ReliefAid launched in 2015 and late that year partnered with United Kingdom charity ShelterBox. The latter supplies items such as tents, ground sheets, blankets and warm clothes and ReliefAid gets them to the families and individuals who desperately need them.
Seawright says the only constant in his line of work is change – and change can be attributed to many things: country borders opening and closing, airstrikes and/or last-minute changes to routes or schedules for security reasons. “If your operation and way of working is not flexible, you’re out of business on day one.” It’s challenging and taxing, he says, “but you get a lot more out of it than you put in”.
Seawright was last in the Middle East in November last year – at ReliefAid’s logistics hub in southern Turkey. Since then he has been managing smaller distributions remotely, from New Zealand. In recent months, the organisation has been responding to an escalation in fighting in northwest Syria, which forced 300,000 from their homes, along the Syrian/Turkish border.
Just a few weeks ago, a further 45,000 people were displaced when the Syrian Government gained new territory. Seawright says those who have fled their homes are living in “horrific” conditions. The camps were already overflowing and now, he says, people “are literally living under trees”.
Of a team of 24 people, 12 of ReliefAid’s staff are based in Syria and the balance are in New Zealand. Seawright says volunteers in New Zealand also provide over $260,000 of in-kind support. Some are interns from the University of Auckland. “We’re very lucky having an incredible team both here in New Zealand and in Syria,” Seawright says. “They (the Syrian team members) do a lot of the heavy lifting. We couldn’t do it without them.”

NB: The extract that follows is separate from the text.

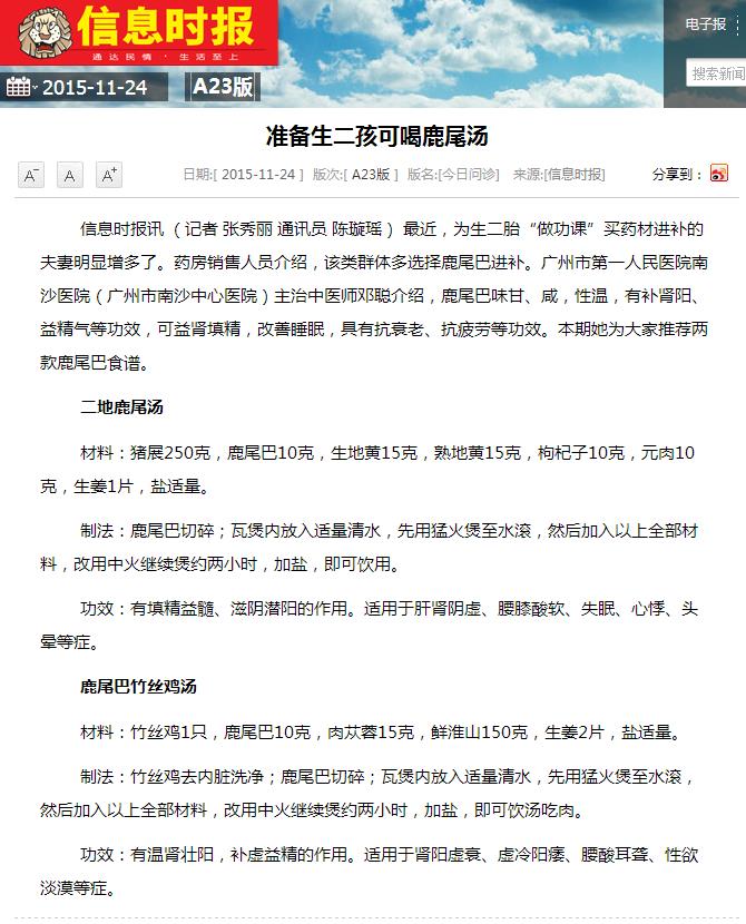 《信息时报》:准备生二孩可喝鹿尾汤 2015年11月24日A23版

One of ReliefAid’s staff members has been delivering aid for eight years, and “I don’t think you’ll find a better international logistician in the world”, Seawright says. “There’s only really one key message here and that is in places like Syria, we have got the local community helping themselves. They don’t necessarily have all the tools [on their own] but … this is Syrians looking after Syrians.”
ReliefAid’s staff on the ground in Syria deal with a great deal of risk every day. In 2016, a group of them only just escaped besieged Aleppo on the last “green bus” before Syrian government forces took control. Earlier that year, Seawright and the rest of ReliefAid were devastated when two of their own were killed by a sniper. Country-wide, more than half of all Syrians have been forced to flee their homes in the past eight years.

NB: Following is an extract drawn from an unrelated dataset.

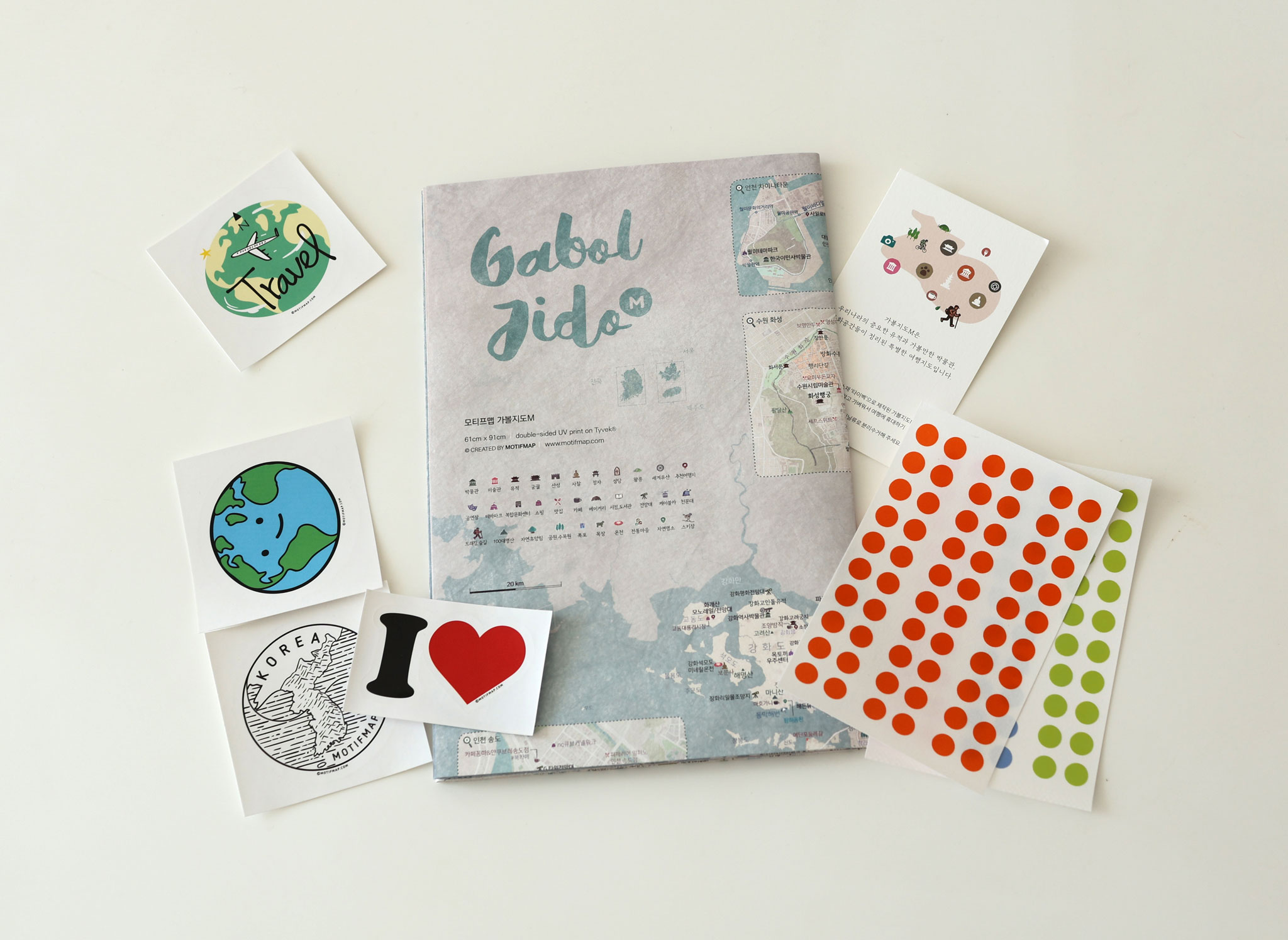 가볼지도M은 내구성이 뛰어난 듀폰 타이벡(Tyvek) 위에 전국·서울·제주도 지도를 양면 UV 특수인쇄로 담아낸 여행 지도입니다. SNS·여행 리뷰·전문 서적·통계청 데이터·박물관 자문 등을 통해 광고 없이 검증된 명소만을 선별했습니다. 산의 높이와 계곡 흐름까지 살린 정교한 입체 지형 표현, 100대 명산·둘레길·올레길 추천 트래킹 코스, 제주 올레·한라산 둘레길·핫플레이스 안내, 경주·목포·강릉 등 14개 대표 여행지 확대지도, 120개 투명 스티커로 나만의 지도를 꾸밀 수 있는 다채로운 기능을 한 장에 담았습니다.

“I’m constantly thinking, ‘Where are we going to get money from for this next distribution?’, but every time it gets hard, I think about our team on the ground in Syria,” Seawright says. “Who are we [in New Zealand], to say that we can’t make another phone call, or knock on another door?”
ReliefAid’s current focus is a distribution of winter “shelter kits” to more than 10,000 internally displaced people living in camps, which is coming up in October/November. The kits include things like blankets, winter clothing for kids, insulated matting for the ground, mattresses, cooking sets and solar lamps to light tents at night. Gumboots are now being trialled in winter, because it drops to -5 to -10 degrees and gets snowy and muddy in the camps.
Seawright says he’s constantly assessing the work ReliefAid does and asking himself and others a crucial question: ‘Is it helping?’
In a recent example, ReliefAid and ShelterBox asked a supplier to replace solar lamps that were found to be breaking 30% of the time with an item that was triple the price. It meant less were distributed but at least they were useful. How did it know they were breaking? Seawright says ReliefAid asked the families. Another, larger organisation distributed 10,000 of the breakable lamps and never queried the supplier.
“We have to have our eyes open to make sure that we’re not doing more damage than good. If we don’t look at our performance, we’re not helping anyone.”